Ans. Data protection principle 2 expressly requires that a data user must take all reasonably practicable steps to ensure that personal data is accurately held. In such circumstances, it is the responsibility of a data user, and not a data subject, to ensure that data remains accurate for the duration that it is held.

The duty to maintain accurate data is not absolute, in so far as a data user must take whatever steps that are reasonably practicable to ensure such accuracy. For example, personal data is liable to change frequently (e.g. data subject’s address) will need to be updated more frequently than data (e.g. data subject’s birth date) which is not liable to such change. Although the Personal Data (Privacy) Ordinance recognises certain limited defences which will negate the liability of data users for holding inaccurate data, the fact that a data user unknowingly holds inaccurate data is not an excuse.

Q.13 If data subject A authorises B to make a data access request on his behalf and B authorises C to collect the copy of personal data concerned, should the data user give the data to C?

Ans.

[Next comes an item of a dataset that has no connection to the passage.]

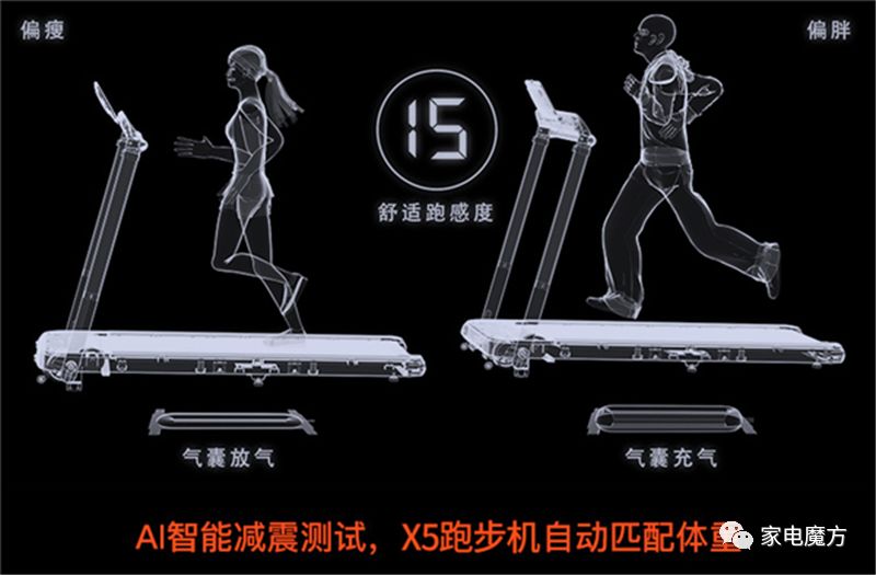 亿健官方说明:AI智能减震的原理是根据用户体重,跑步姿势,气囊智能充放气,自动调节减震阻尼,保证相同体重获得相同的跑感,无极软硬度调节,根据每个人体重做出相应调整,给出合适的跑步方案。

Yes, assuming of course that the data user is satisfied that B and C have been duly authorised by A and B respectively.

C is merely a messenger in this case and in handing over the copies of personal data to him, the data user should ensure that C would not have access to the data (as distinct from the packet or envelop containing the data).

This may be done, for example, by putting the photocopies, tapes or diskettes containing the data in a sealed envelope. The example should be distinguished from another one where B, after being authorised by the subject A, in turn authorises C to make a data access request on behalf of A. In this case, C is not a “relevant person”, as defined in section 2(1), in relation to A and therefore, has no right to make the request on behalf of A. The data user should refuse C’s request.